### [EXERCISE REQUIREMENTS]
Reproduce the listing word for word. Skip any image.

### [INFORMATION SHOWN]
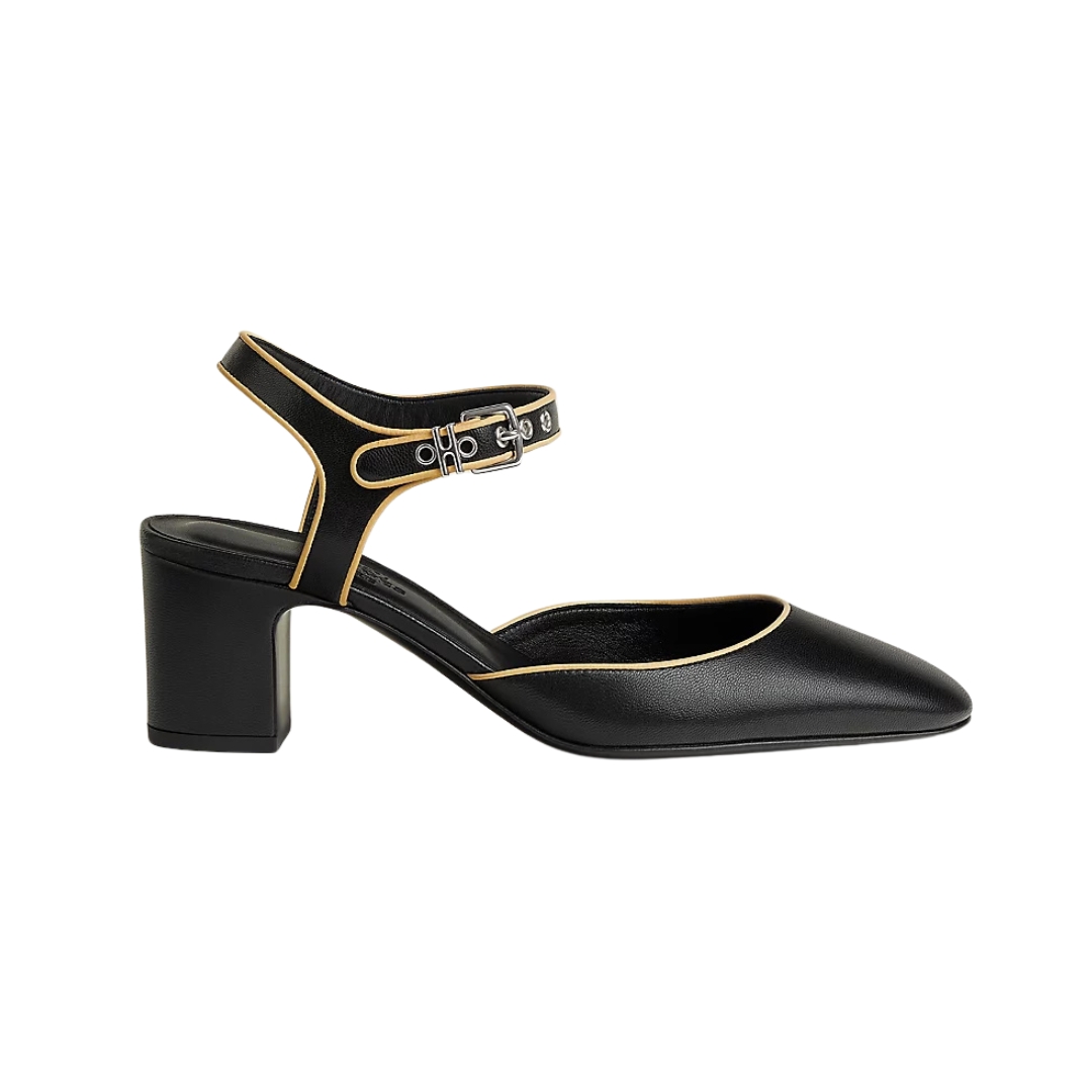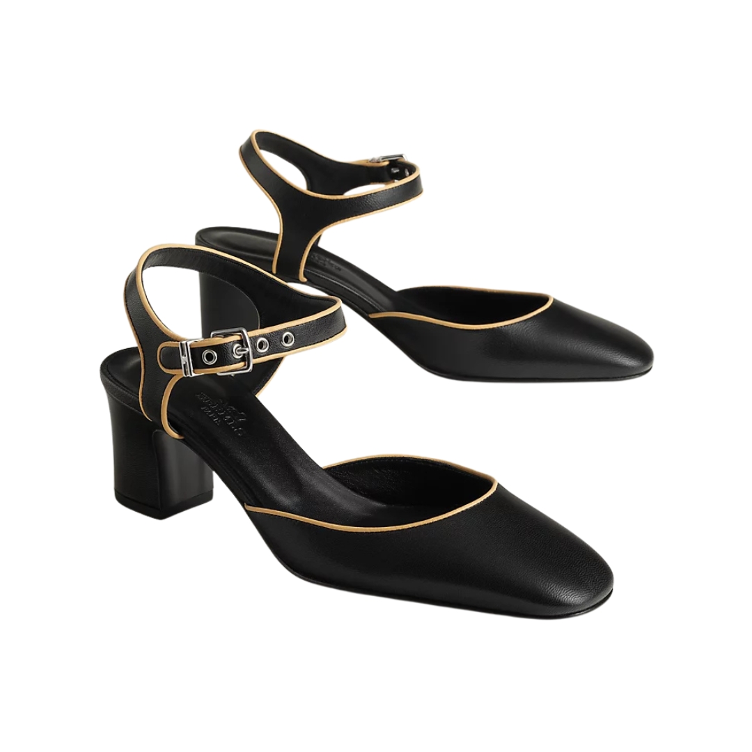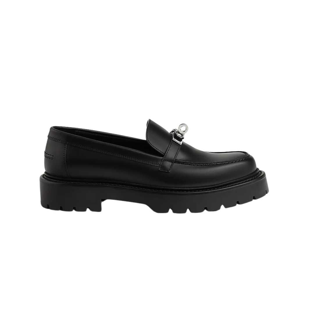 Mocassini Hermès Icône in pelle nera con tacco 3 cm
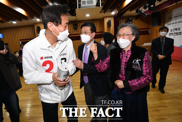 [더팩트ㅣ남윤호 기자] 오세훈 국민의힘 서울시장 후보(왼쪽)가 1일 오전 서울 종로구 종로노인종합복지관에서 열린 노인 복지 정책간담회에 참석해 한 어르신으로 부터 응원을 받고 있다.
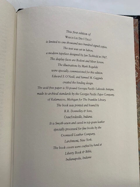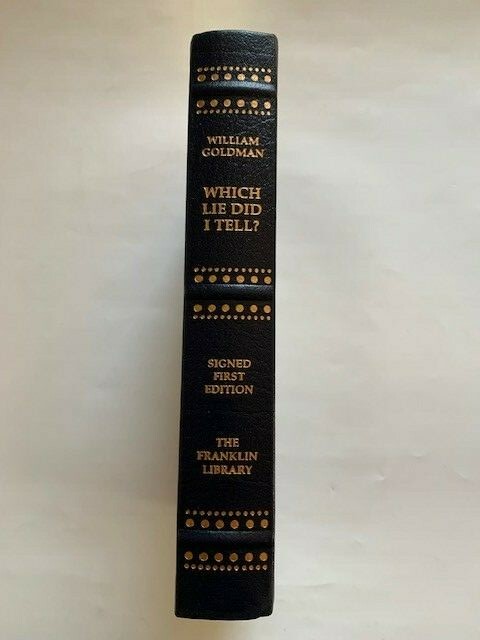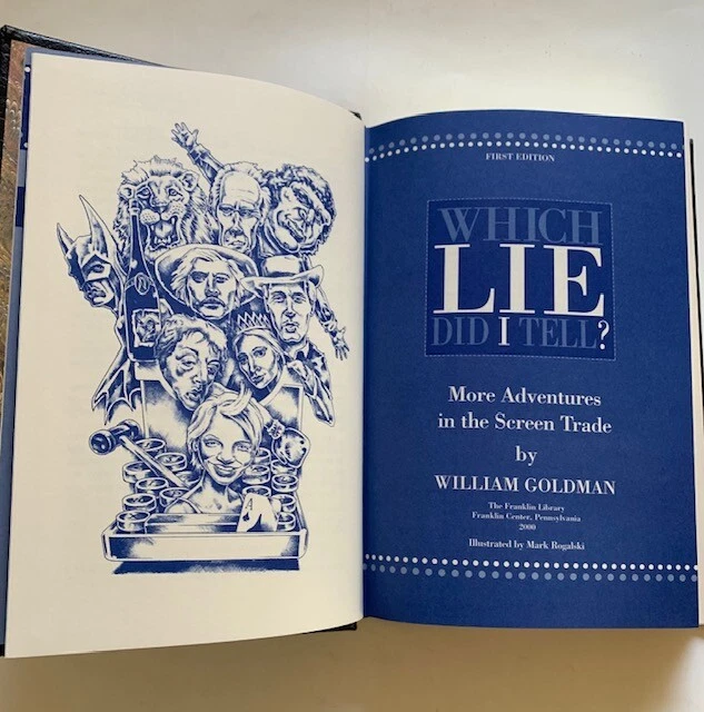 William Goldman. (Text) Mark Rogalski. (Illustrations) " WHICH LIE DID I TELL? MORE ADVENTURES IN THE SCREEN TRADE ." Franklin Library. Franklin Center (2000) SIGNED limited edition. Fine in black leather binding with gold decorations & titles, without dust jacket as issued. (489pp.) (6 1/2" X 9 1/2")

### [TASK ANSWER]
 Mocassini Hermès Icône in pelle nera con tacco 3 cm
 [더팩트ㅣ남윤호 기자] 오세훈 국민의힘 서울시장 후보(왼쪽)가 1일 오전 서울 종로구 종로노인종합복지관에서 열린 노인 복지 정책간담회에 참석해 한 어르신으로 부터 응원을 받고 있다.
 William Goldman. (Text) Mark Rogalski. (Illustrations) " WHICH LIE DID I TELL? MORE ADVENTURES IN THE SCREEN TRADE ." Franklin Library. Franklin Center (2000) SIGNED limited edition. Fine in black leather binding with gold decorations & titles, without dust jacket as issued. (489pp.) (6 1/2" X 9 1/2")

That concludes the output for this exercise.